No secrets to this diet. Just eating a little less and exercising a little more. And doing it every day and being patient. Going slower to go farther was my motto.

===

This morning I was admiring my recent weight loss in the bathroom mirror as my wife and I were getting ready to go out for coffee. After my proud moment of self-satisfaction, I threw on a pair of jeans and wet my hair before combing it and began looking for a shirt.”

My wife walked in the bathroom to explain how our dog Macy was just showing off to her by proudly holding a spider in her mouth before it dropped out and ran away.

Wanting to change the topic back to my proud weight loss, I pointed to myself and said, “Well, what do you think?”

“What?” Rebecca answered quizzically.

“This.” I responded smugly pointing in a circular motion to my torso area.

“What? You got water on you?”

“No!” I said flustered. “I’ve lost 28 lbs.”

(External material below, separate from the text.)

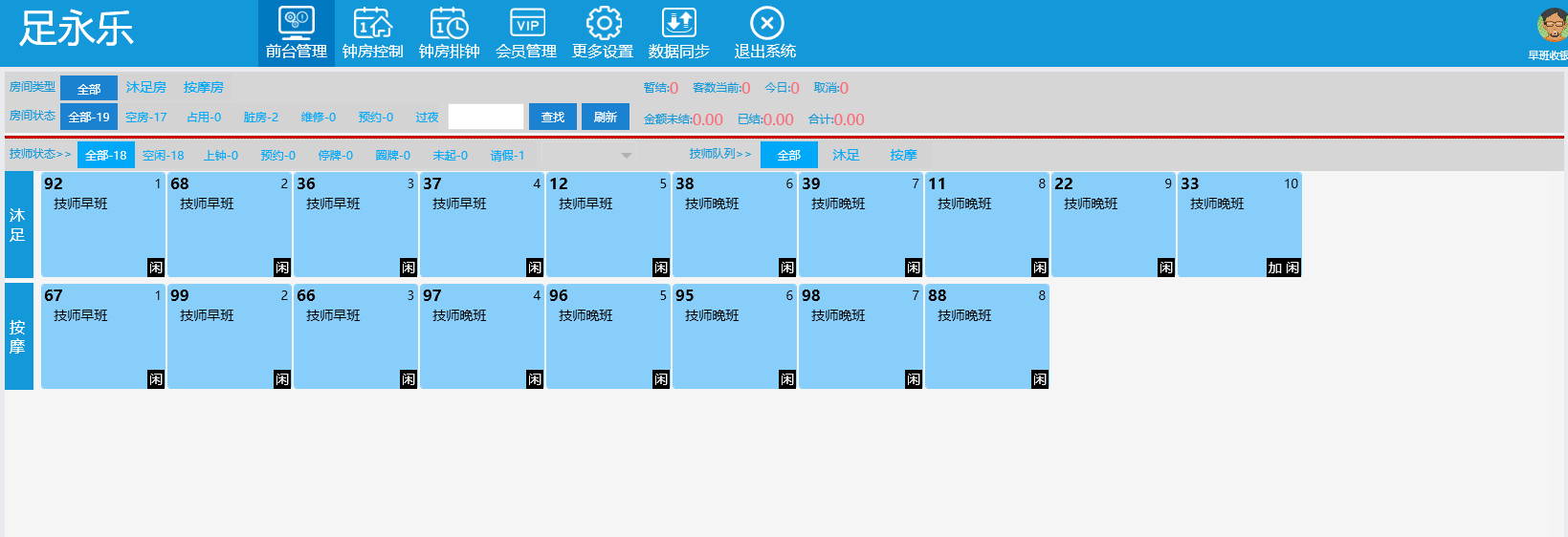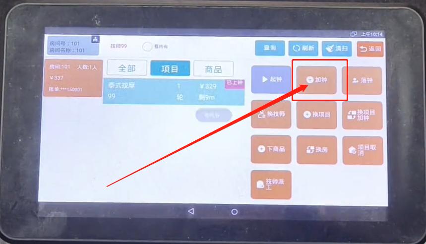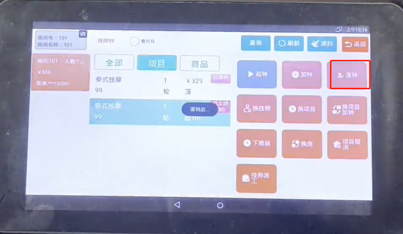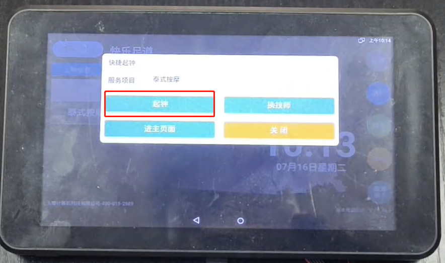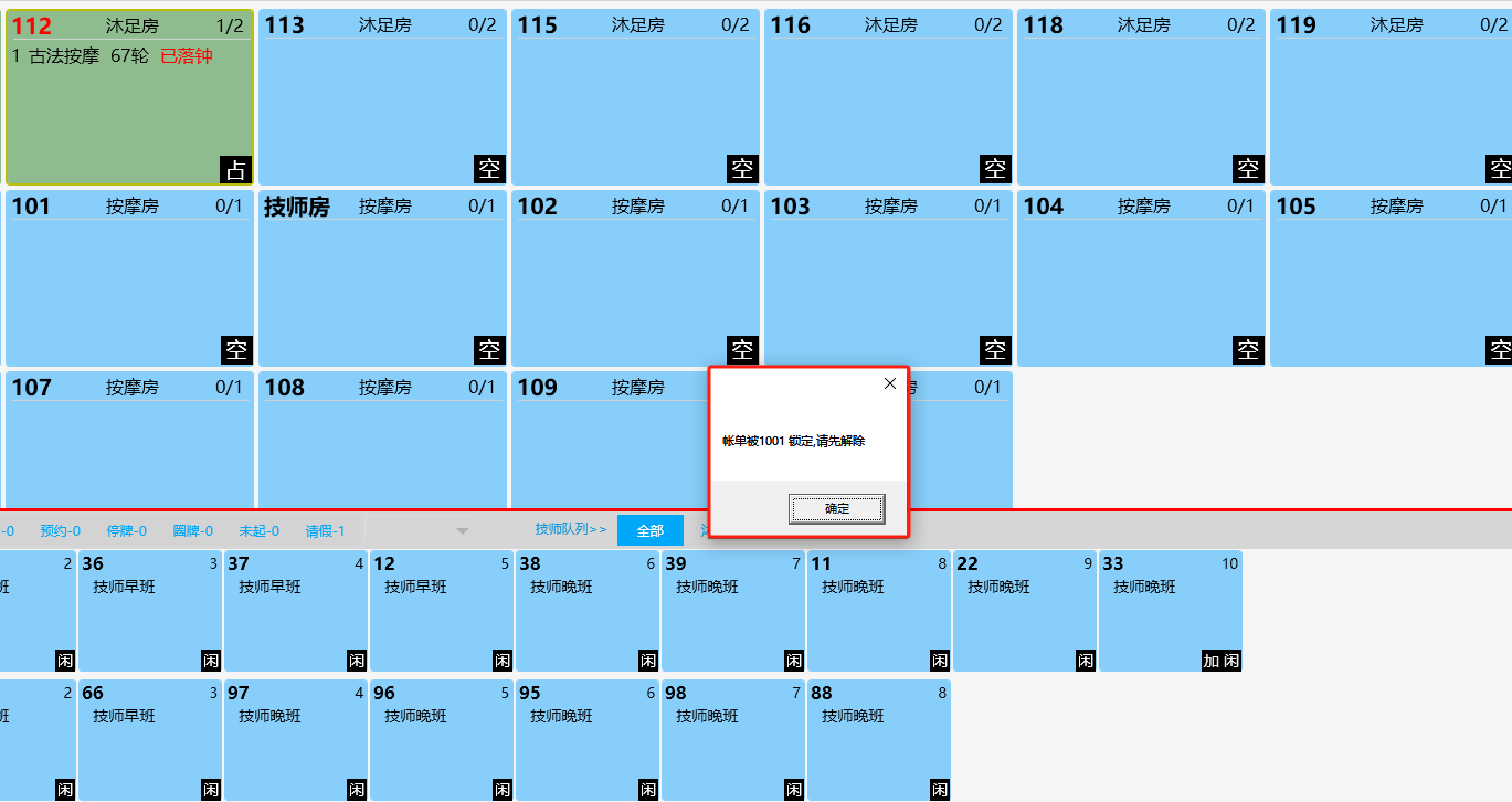 | 首先技师要起钟,首先要有对应安排这位技师的上钟信息,才可以起钟上钟 |

“Oh.” Rebecca responded laughing. “You are acting like Macy showing off having a spider in her mouth.”

“No I’m not.” I said defensively. “I don’t think it’s the same thing at all. First off Macy didn’t lose 28 lbs and, second off, I am not holding anything in my mouth.”

“OK.” Rebecca said laughing to herself.

“Do you have water on you?” I repeated to myself under my breath. “Really?”

“Well, I’m proud of both you and Macy this morning.” Rebecca offered in a consoling voice.